Studio album by Platinum Blonde
- Released: January 1984
- Studio: Metalworks, Mississauga, Ontario
- Genre: Pop rock; new wave;
- Label: Columbia Records
- Producer: David Tickle

Platinum Blonde chronology
| Platinum Blonde (1983) | Standing in the Dark (1984) | Alien Shores (1985) |

Singles from Standing in the Dark
- "Doesn't Really Matter" Released: January 1983; "Standing in the Dark" Released: April 1983; "Not In Love" Released: October 1984; "Take It From Me" Released: 1985;

= Standing in the Dark (album) =

Standing in the Dark is the debut studio album by Platinum Blonde. Released by Columbia/CBS Records Canada in January 1984, it expanded on the band's original six-track EP. With the addition of four new tracks ("Standing in the Dark", "Sad Sad Rain", "Cast A Shadow", and "Leaders In Danger"), the album garnered the band their first taste of attention after going triple platinum in Canada. It was number 15 for 4 weeks on the Canadian RPM charts. It was on the charts for 43 weeks.

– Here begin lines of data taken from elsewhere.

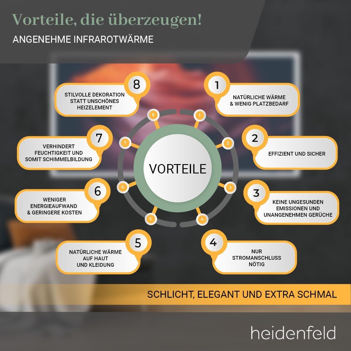 • โœ” Original Heidenfeld Infrarot Heizung โœ” Unglaubliche 10 Jahre Garantie โœ” Deutsche Qualitรคtsmarke โœ” TรœV & GS Prรผfzertifikat โœ” 100000 Stunden Lebensdauer โœ” Infrarotheizer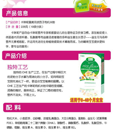 卡咪呢有機米粉系列是專為中國寶寶設(shè)計的營養(yǎng)輔食,選用有機大米,科學搭配維生素AD等維生素,還特別添加;撬帷HA、AA等有助智力發(fā)育的營養(yǎng)成分,富含15種營養(yǎng)素,F(xiàn)上?ㄟ淠啬笅胗闷酚邢薰久嫦蛉珖瞻资袌鰠^(qū)域誠招卡咪呢有機米粉代理商。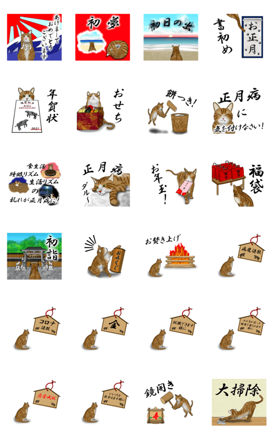 激しめ猫 お正月テイスト Lineスタンプ アメイジング大井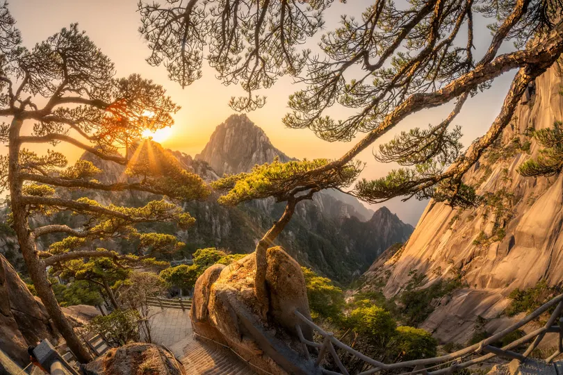 太阳从天都峰背后升起,整个山峦都蒙上一层淡淡的金色。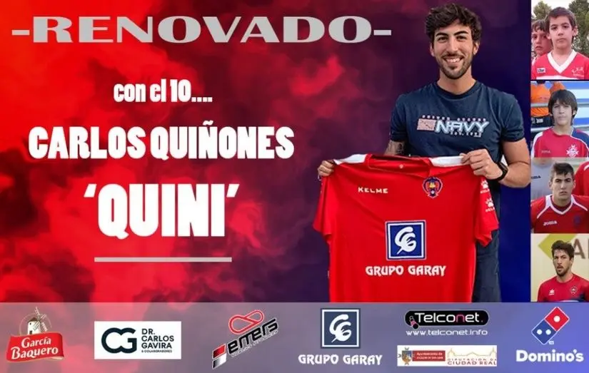 El primero en anunciar ha sido el capitán, Carlos Quiñones «Quini». El Sporting de Alcázar informa de la renovación de uno de sus grandes pilares. Enésima temporada defendiendo la camiseta de Alcázar de San Juan, Carlos Quiñones Moratalla «Quini», en plena madurez futbolística y tras sellar una de sus mejores temporadas en la categoría, continuará para la 2022-23 en su casa.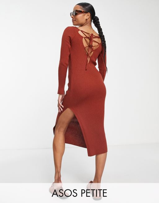 ASOS DESIGN Petite maxi dress with lace up back detail in brown ASOS Very well made.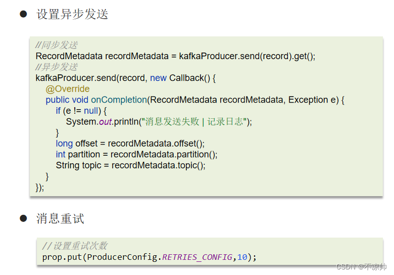 使用Kafka在消息的收发过程都会出现消息丢失 , Kafka分别给出了解决方案: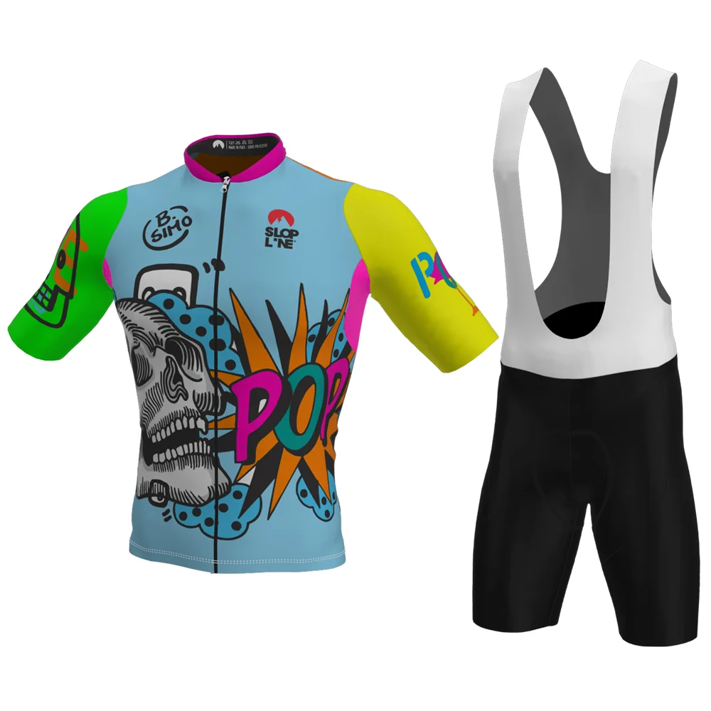 Набор велосипедных Джерси Slopline с коротким рукавом, летняя велосипедная одежда для шоссейных велосипедов, гелевые шорты 9D с нагрудником для езды на велосипеде на большие расстояния
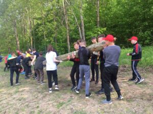 Мероприятие началось с уборки территории, потом всех ждал вкусный обед. А в завершении праздника, для ребят были проведены веселые старты, перетягивание каната и футбол.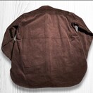 コーデュロイ素材を使用しており、温かみのあるブラウンカラーが特徴です。胸ポケットが付いており、実用性も兼ね備えています。ゆったりとしたシルエットで、リラックスしたスタイルを演出します。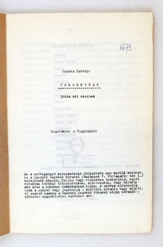 Csurka István: Versenynap - Dráma két részben, cca 1980, Szerzői Jogvédő Hivatal - Színházi Osztály. Kiadatlan szövegkönyv. Papírkötésben, írógéppel lejegyezve. Jó állapotban.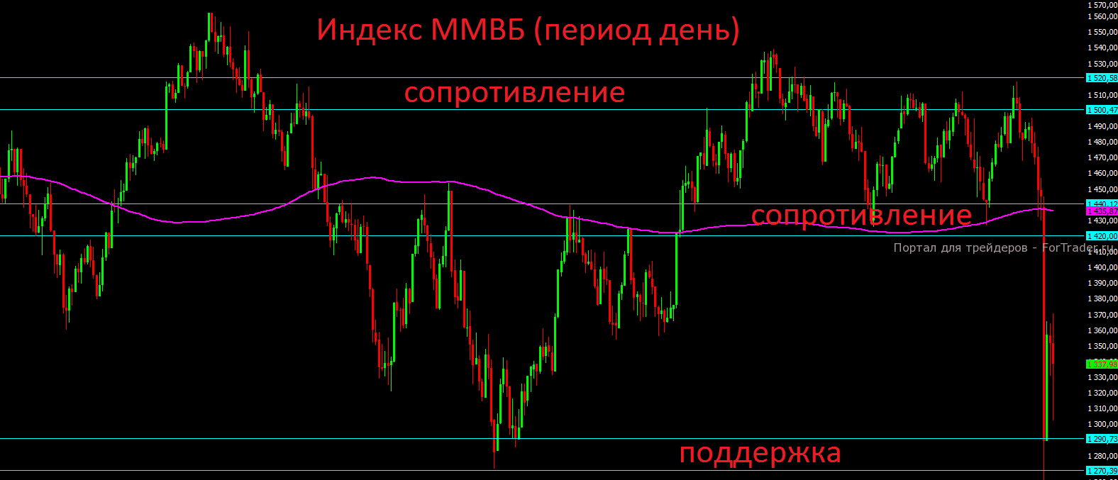 Если посмотреть на техническую картину индекса ММВБ, то и здесь пока нет даже намёков на рост.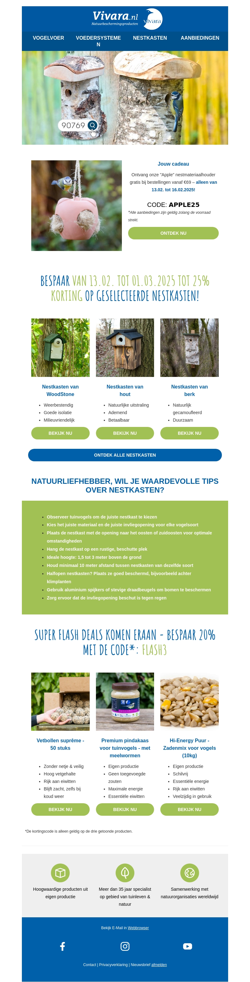 Ontdek de nieuwste nestkasten van Vivara en ontvang exclusieve kortingen. Profiteer van duurzame en weerbestendige modellen geschikt voor elke tuin. Mis de gratis Apple nestmateriaalhouder en waardevolle tips voor optimale omstandigheden niet. Dit geldt bij een bestelling vanaf β¬59. Red nu snel je voordeel!

Two of the music videos for this album, "Standing in the Dark" and "Doesn't Really Matter", were nominated for Juno Awards for Video of the Year in 1984.

The album spawned four singles: "It Doesn't Really Matter," "Standing In The Dark," "Not In Love" and "Take It From Me". "Not In Love" was covered by Toronto-synth duo Crystal Castles, who are friends of lead Blonde Mark Holmes.

Professional ratings
Review scores
| Source | Rating |
| Allmusic | Star |

== Track listing ==

Side one
| No. | Title | Writer(s) | Length |
|---|---|---|---|
| 1. | "Doesn't Really Matter" | Mark Holmes, Sergio Galli | 4:05 |
| 2. | "Standing In The Dark" | Holmes | 3:19 |
| 3. | "Sad Sad Rain" | Holmes, Galli | 3:50 |
| 4. | "Take It From Me" | Holmes, Galli | 4:01 |
| 5. | "Cast A Shadow" | Holmes | 3:40 |

Side two
| No. | Title | Writer(s) | Length |
|---|---|---|---|
| 6. | "Leaders In Danger" | Holmes | 4:19 |
| 7. | "Not In Love" | Holmes, Galli | 4:07 |
| 8. | "Video Disease" | Holmes | 3:46 |
| 9. | "All Fall Down" | Holmes | 4:15 |
| 10. | "Cinderella Story" | Galli | 1:54 |

== Credits ==
Platinum Blonde:
- Sergio Galli – guitar, backing vocals
- Mark Holmes – lead vocals, bass, keyboards
- Chis Steffler – drums, percussion

with "assisting musicians":
- Bruce Barrow – bass
- Claude Desjardins – keyboards, drums, percussion
- Steve Sexton – keyboards
- Jo-Anne Bates – backing vocal

The instruments these musicians played are not noted on the actual album package, but Barrow is normally a bassist, Desjardins a drummer/keyboardist, and Sexton a keyboard player.